Map-Reduce over a CSV

Something I’ve always wanted to do is to be able to run a map reduce operation on a CSV easily. This is something that all the nifty command line tools (zq, jq, etc) don’t allow you to do. OpenRefine does allow you to do this, but you have to write python2 code and use a janky peice of software that isn’t too well maintained.

However, I noticed that Datasette recently added the ability to write enrichment plugins. I hacked together an enrichment plugin that allows you to run an arbitrary shell script and save the resulting output to a new column if the script was successful.

pip install datasette
datasette install -U ~/Projects/python/datasette-enrichments-shell
datasette serve --root emails.db

At this point, I could run an enrichment on the table to categorize it:

cd ~/Projects/google-extraction/google-takeout-to-sqlite
source .venv/bin/activate
export OPENAI_API_KEY=sk-
xargs -I {} python scripts/categorize.py --prefix personal --email {}

What I later realized is the environment which runs the script via the enrichments-shell inherits all of your shell variables, so you don’t need to write a wrapper script like the one above. You can paste the following right into the input box in the datasette UI:

xargs -I {} python scripts/categorize.py --prefix personal --email {}

You can test the script locally before running the MapReduce operation across all of your data

echo '{"email": "email@example.com"}' | zsh -c ./scripts/categorize ./emails.db --prefix personal --email {}

It’s easy for whitespace to get accidentally added to the end of a script output. you can remove whitespace using a simple SQLite query:

UPDATE categorized_personal_emails
SET categorize = TRIM(categorize, ' ' || CHAR(9) || CHAR(10) || CHAR(13));

In this statement:

' ' is a space character.
CHAR(9) represents a tab.
CHAR(10) represents a newline.
CHAR(13) represents a carriage return.

(this is something that should really be added to the

Email Verification

Since there was a lot of emails in this request, I wanted to make sure that the emails were deliverable To make sure that my email deliverability on my personal email was not harmed.

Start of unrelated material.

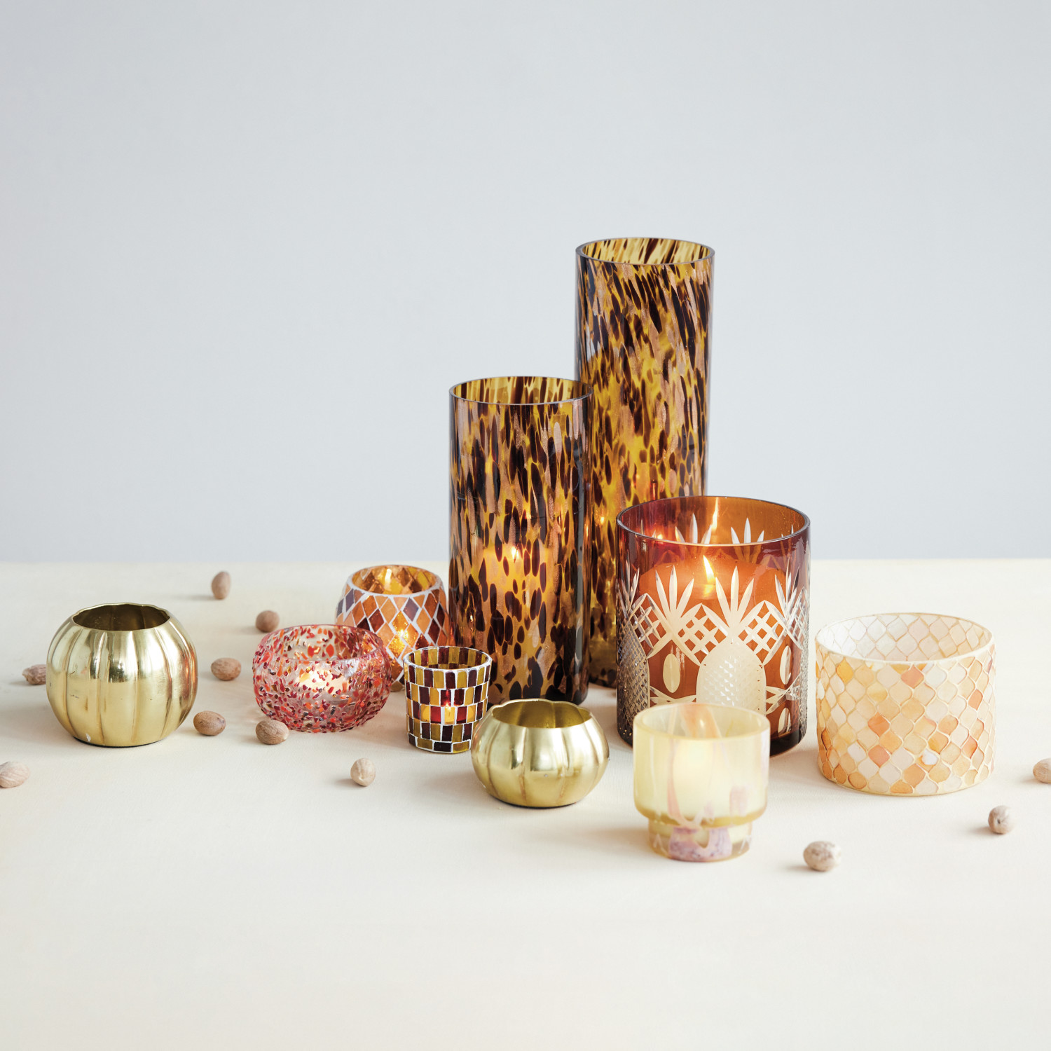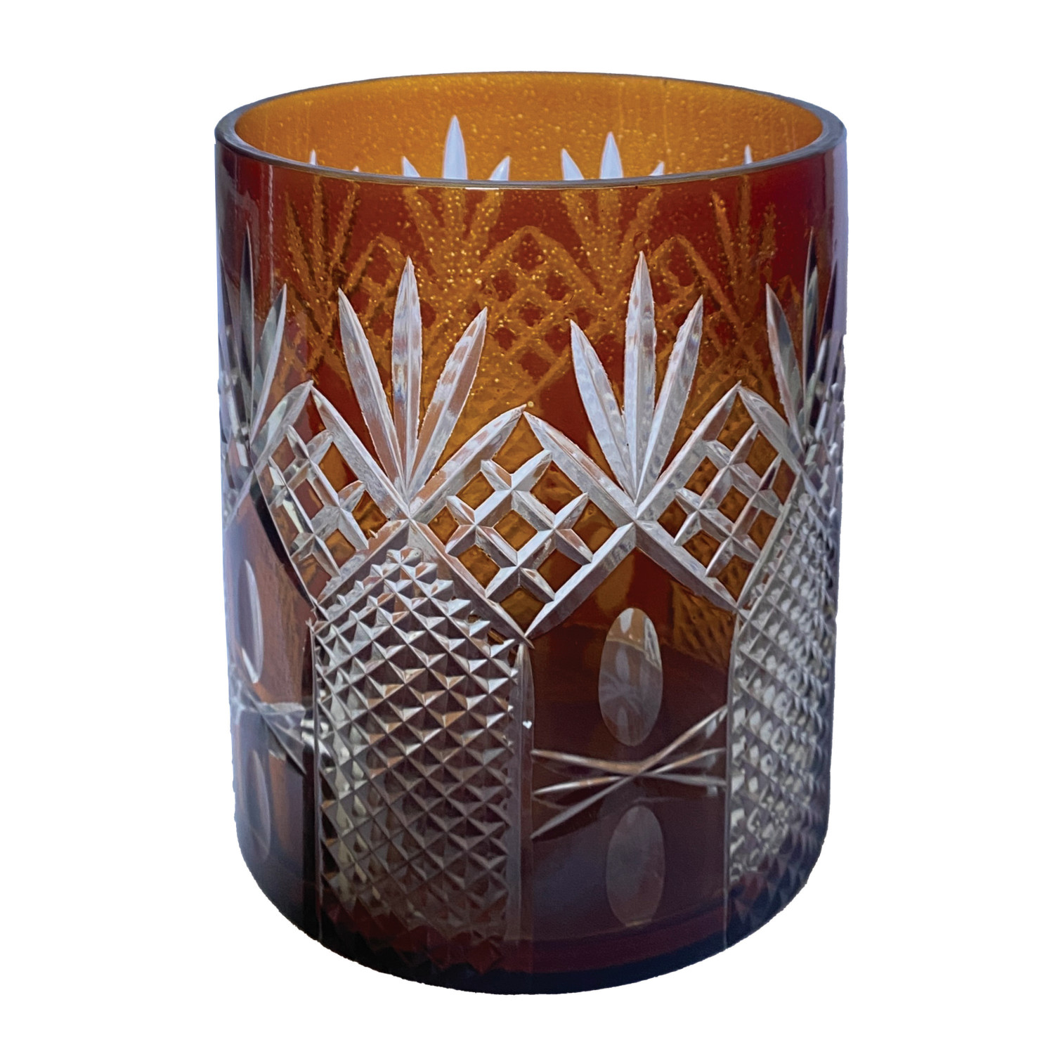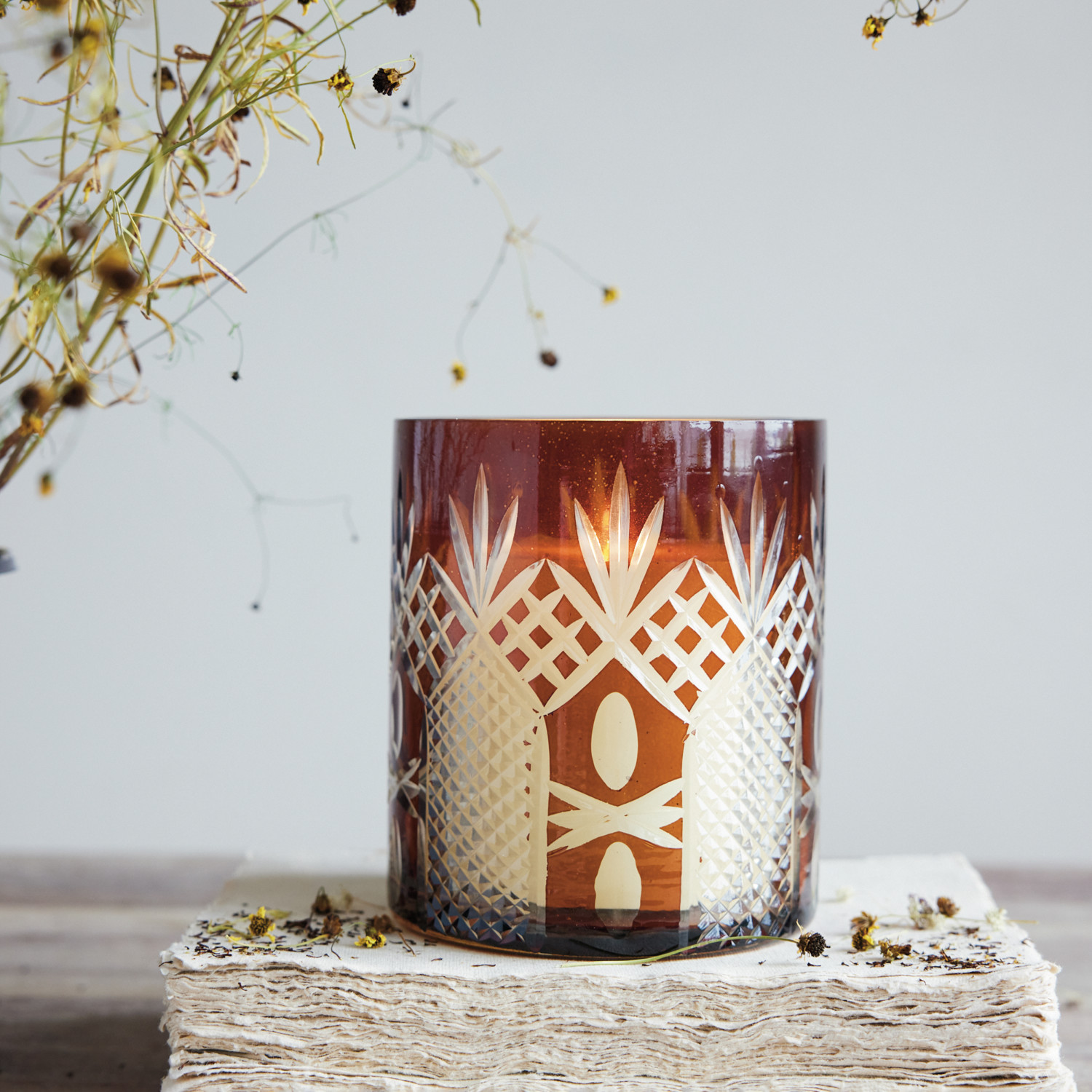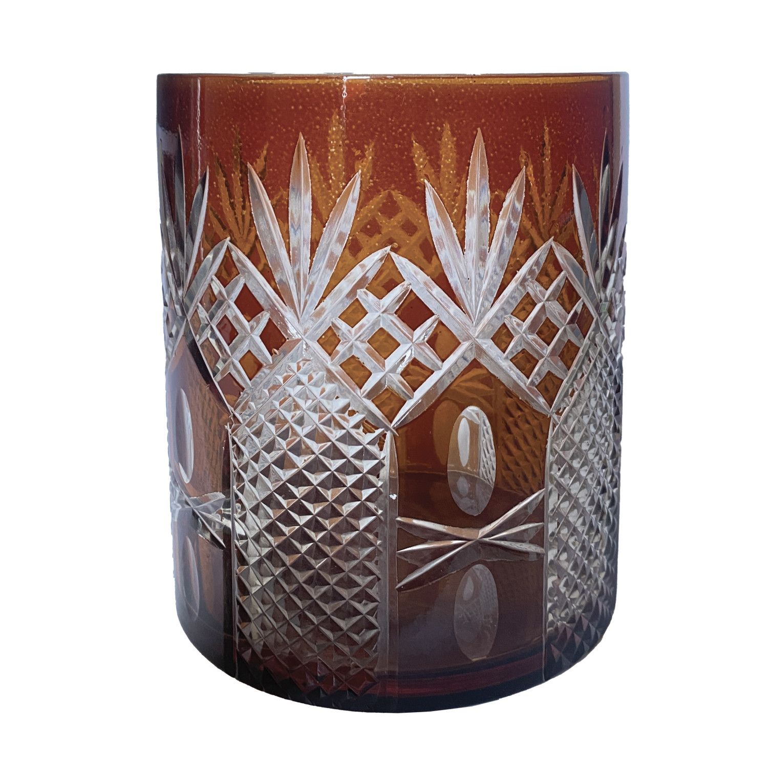 Catalog Name: 5-1/4" Round x 6"H Cut Glass Candle Holder, Brown

Here’s another enrichment script I ran on a separate column which verified the emails I had in my list:

echo '{"email": "test@email.com"}' | jq -r '.email' | xargs -I{} http GET 'https://api.usebouncer.com/v1.1/email/verify' email=={} "x-api-key:$BOUNCER_API_KEY" | jq -r '.status' | tr -d '\n'

Sending the Email

Because I really enjoy trying out new tools, I gave mailmeteor a try. If you send out a update email once a week or once a month, I could totally see the service making sense, but for my use case, it just didn’t work. The free tier really doesn’t work and only sends out 50 emails a day for a couple days and then just gives up.

The best approach here was to just write the email in Google Docs and then copy and paste it into Gmail and send out groups of BCC messages over a couple days.